The SOI MEMS process uses four masks to pattern and etch the wafer layers. The process uses 6 in wide, n-type, double-side polished silicon-on-insulator (SOI) wafers with a 25 µm thick device layer. Diagrams below are not shown to scale, sizes have been exaggerated for educational purposes.

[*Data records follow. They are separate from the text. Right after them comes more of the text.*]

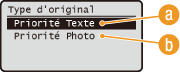 pour sélectionner <Priorité Photo> ou <Priorité Texte> et appuyez sur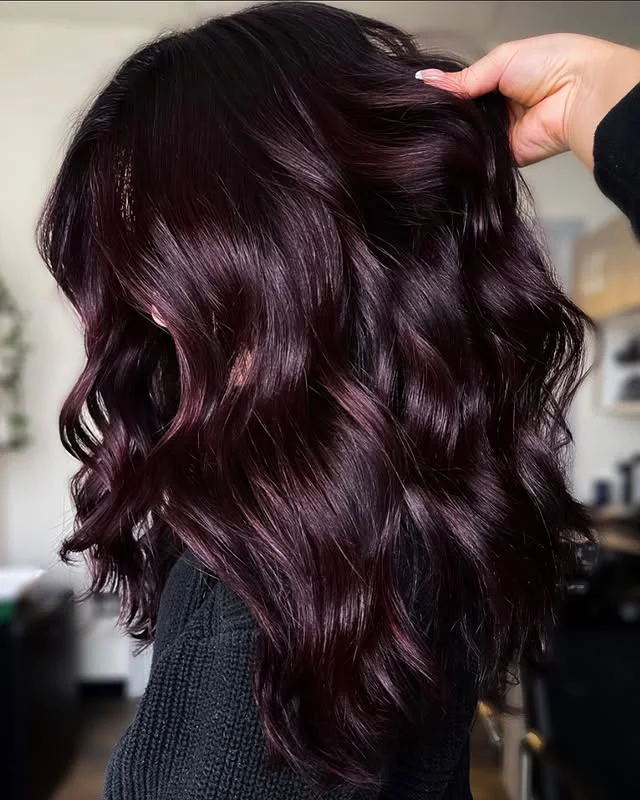 Deep, moody tones define this rich hair color with a glossy, elegant finish. A dark brunette base blends seamlessly with subtle plum and wine undertones, creating depth that feels refined and modern.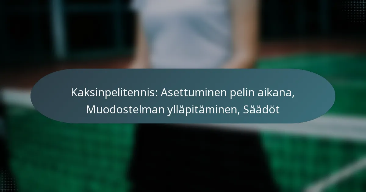 Muodostelman ylläpitäminen paritennismatseissa on ratkaisevan tärkeää tehokkaan tiimityön ja kenttäpeiton kannalta. Pelaajien tulisi keskittyä selkeään kommunikaatioon, määriteltyihin rooleihin ja sopeutumiseen vastustajien strategioihin varmistaakseen, että he pysyvät koordinoituina pelin aikana.

Step 1 The top silicon layer is doped with PSG. |
Step 2 The PSG is removed and replaced with a coating of photoresist. |
Step 3 The photoresist is patterned by the light field PADMETAL mask. |
Step 4 A layer of 20 nm Cr and 500 nm Au is deposited across the top of the wafer—this is the pad metal layer. |
Step 5 A liftoff technique is used to remove all the pad metal that is not within the gaps of photoresist. |
Step 6 The remaining photoresist is dissolved in a wet chemical etch. |
Step 7 The wafer is once again coated with photoresist. |
Step 8 The photoresist is patterned with the light field SOI mask. |
Step 9 The patterned photoresist guides the etch of the silicon layer—this is a DRIE etch. |
Step 10 The remaining photoresist is chemically stripped away. |
Step 11 A protective polyimide layer is applied to the top surface of the wafer while the bottom side is worked on. |
Step 12 A layer of photoresist is applied to the bottom of the wafer. |
Step 13 The photoresist is patterned with the dark field TRENCH mask. |
Step 14 The patterned photoresist guides the etch of the bottom oxide—this is a RIE etch. |
Step 15 The photoresist guides the etch of the substrate layer—this is a DRIE etch and causes a “blow out” towards the buried oxide layer. |
Step 16 The patterned substrate guides the etch of the buried oxide layer—this is a wet oxide etch. |
Step 17 The protective polyimide material is stripped away with a dry etch process. This “releases” any mechanical structures in the silicon layer that are located over through-holes in the substrate layer. |
Step 18 The photoresist is chemically stripped away. |
Step 19 The remaining oxide is removed with a HF vapor process. This process causes a slight undercut (1.9 µm) of the buried oxide layer to prevent metal shorting between layers. |
Step 20 A second silicon wafer is used to create a shadow mask for the blanket metal layer. The shadow mask has standoffs to minimize contact area with the wafer once it is applied. |
Step 21 Photoresist is applied to the top of the shadowmask. |
Step 22 The photoresist is patterned with the dark field BLANKETMETAL mask. |
Step 23 The patterned photoresist guides the etch of the shadow mask—this is a DRIE etch. |
Step 24 The photoresist is chemically stripped away. |
Step 25 The shadow mask is aligned and temporarily bonded to the edge of the silicon layer. |
Step 26 The blanket metal layer is deposited through the gaps of the shadow mask via electron beam evaporation. |
Step 27 The shadow mask is removed. The wafer is now ready to be cut, packaged, and shipped. |